Furthermore, the system can be integrated into existing electronic health record systems, making it easy for healthcare providers to adopt and implement. The system can also be customized to specific populations or healthcare settings, allowing for tailored risk assessments and targeted interventions. For example, the system can consider factors such as age, gender, lifestyle choices, and genetic predispositions to provide more accurate risk predictions and personalized recommendations.

The system and method of the present disclosure may utilize data collected during standard medical interactions to identify and screen for various medical conditions, for example, cancer, autoimmune diseases, and genetic disorders. Typically, specialized tests are required to screen for these conditions. Screening tests are typically those that can be applied at scale across populations, for example, mammograms. In contrast, tests like PET scans are expensive and not as easily accessible and are therefore usually not considered screening tests. Cancer screening may depend on the site of the cancer within the body. For example, tests such as MRIs and diagnostic blood markers may be needed. Autoimmune diseases, such as rheumatoid arthritis, require tests such as the Rheumatoid Factor, while Systemic Lupus Erythematosus (SLE) necessitates ANA antibody testing. Genetic disorders often involve testing mutations in specific genes. Due to the high prevalence of these diseases compared to testing rates, many cases go undetected or are diagnosed too late. Early diagnosis significantly increases survival rates and reduces costs for healthcare payers and governments. Currently, guidelines exist for cancer testing and screening, typically based on age and gender. However, despite these guidelines, many early cases remain undetected until it is too late, leading to increased costs and potential loss of life.

The system may comprise a memory and a processor. The processor may store instructions that when executed causes the processor to leverage data from each medical interaction between a patient and the healthcare system. The data may encompass various formats, including textual data (clinical reports), routine tests (blood work, imaging studies), and multimedia recordings (EKGs, videos). The system and method may incorporate an AI model that processes this diverse data in various combinations (e.g., clinical reports alone, clinical reports and blood work, etc.).

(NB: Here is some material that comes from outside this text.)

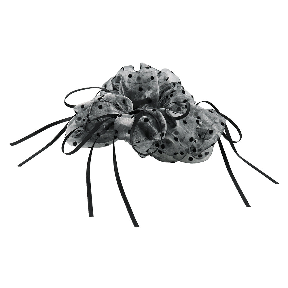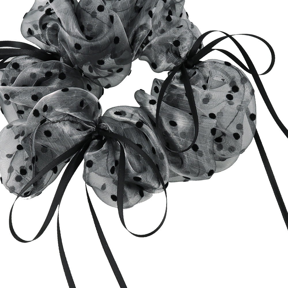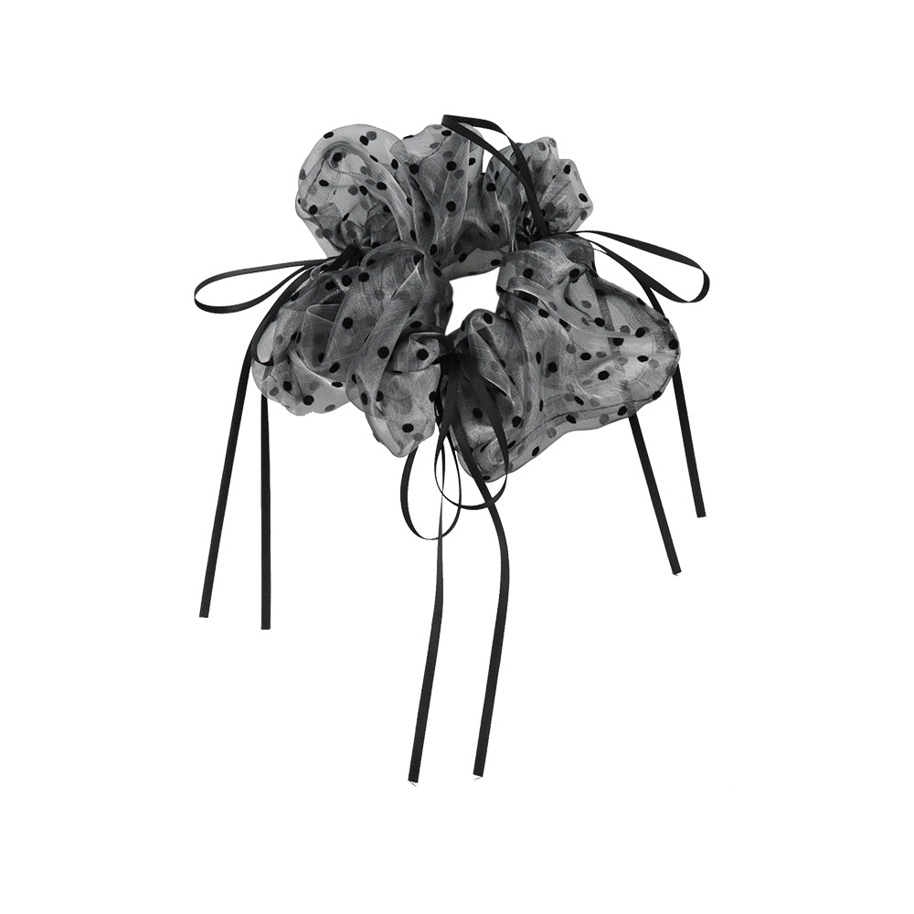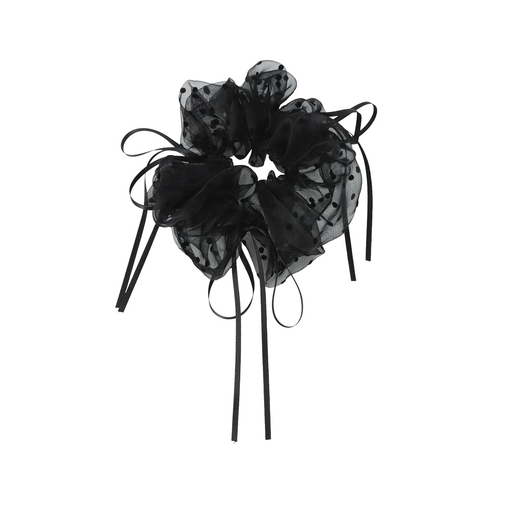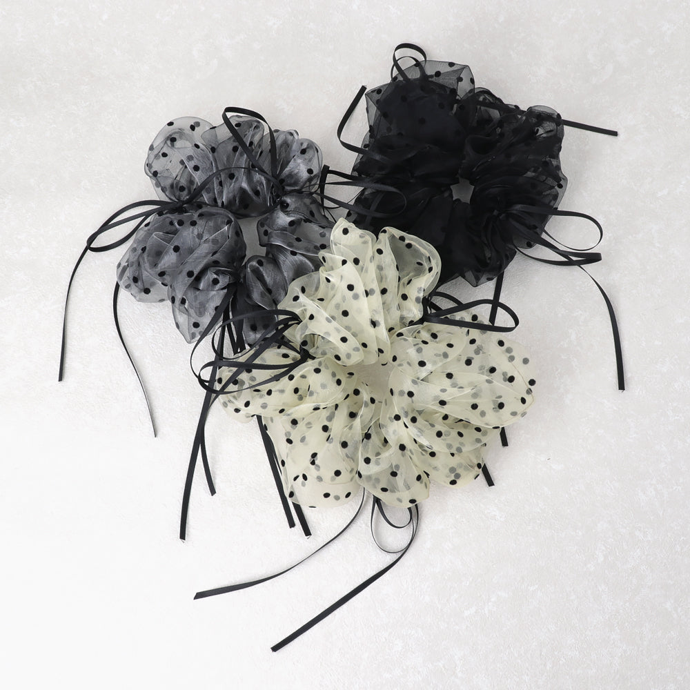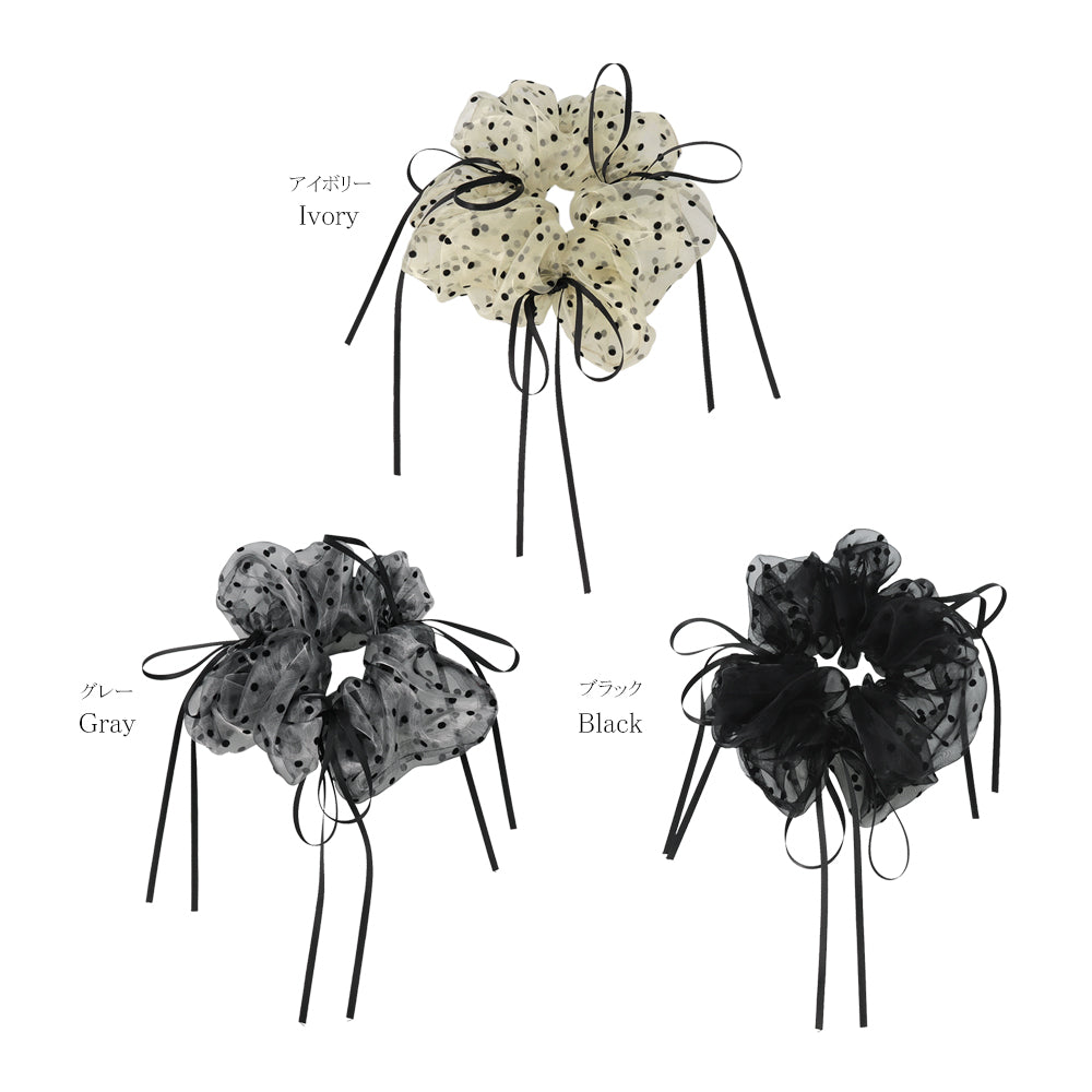 シュシュ シアー ドット 柄 ナロー リボン モノトーンカラー

Preprocessing techniques customized to each type of data may ensure optimal feature extraction for machine learning algorithms.

Supervised machine learning may be employed, utilizing retrospective data where the labels denote the presence or absence of specific medical conditions. During the preprocessing stage, the processor may remove any instances of disease, for example cancer-related terms, from the clinical reports of patients previously diagnosed with the disease/condition. For example, terms such as ‘cancer,’ ‘carcinoma,’ and ‘malignancy’ may be removed. By doing so, the AI algorithm may be taught to identify subtle differences between patients with and without the disease/condition (e.g., cancer) using alternative features, such as combinations of symptoms, signs, findings from X-ray and other investigations that are non-specific for cancer, and/or blood test results. This may be advantageous because these distinctions might not be readily apparent to healthcare professionals. The AI model may accurately predict undetected cancer without definitive features of the cancer that would have alerted a clinician. For example, the model may be trained and validated on 196,000 patient records. For example, the AI model may have a recall >0.80 for both patients with and without the medical conditions. By improving the odds of early cancer detection, the system may offer significant advantages, such as earlier interventions, treatments, decreased mortality and morbidity, and reduced healthcare costs.

The system and method may apply AI/ML to routine medical encounter data to screen for cancer and chronic conditions. The system and method can analyze various types of medical data to identify potential signs or indicators of these conditions. By doing so, it can help healthcare professionals make more informed decisions and potentially improve patient outcomes. The system and method may advantageously provide an automated screening tool for cancer and chronic conditions using routine medical encounter data. To screen for cancer and chronic conditions, this information may be analyzed using AI and ML techniques. These techniques can help to identify patterns and relationships in the data that may indicate the presence of these conditions.

The system and method may make predictions or probability estimates for the likelihood of certain conditions such as cancer or autoimmune diseases based on the patient's medical history and other factors. Visualizations or summaries of the data that highlight important patterns or relationships may be generated. Recommendations for further testing or treatment options may be output based on the predictions and visualizations.

The data may include various types of medical records such as clinical notes, blood test results, X-ray images, ultrasound images, and mammograms. This data may be used to screen for cancer and chronic conditions, including autoimmune diseases. This data can be categorized as structured tabular data and unstructured image, text, audio, video, signal (EKG etc.) data. To perform these tasks, the AI/ML models may process the data, extract relevant information, and make predictions or decisions. Techniques may involve image processing, natural language processing, statistical modeling, and/or other techniques.

Preprocessing ensures that the data is clean, consistent, and in the correct format for the ML algorithms. Firstly, preprocessing may be applied to both continuous and categorical data. Data cleaning may be performed to handle missing values by either removing instances with missing data or filling them using methods such as mean or median imputation. Outliers may be identified and handled using various techniques such as Z-score, IQR (Interquartile Range), or Winsorizing. Normalization or scaling techniques like MinMaxScaler or StandardScaler may be applied to ensure that features have similar ranges and distributions, which can help improve model performance.

Normalization may be used when dealing with large differences in scales between different features. This technique may transform each feature so it has zero means and unit variance, ensuring equal importance in the model. Another technique that may be implemented is Feature Extraction, which may involve creating new features from existing ones, for example, calculating ratios or polynomial expansions.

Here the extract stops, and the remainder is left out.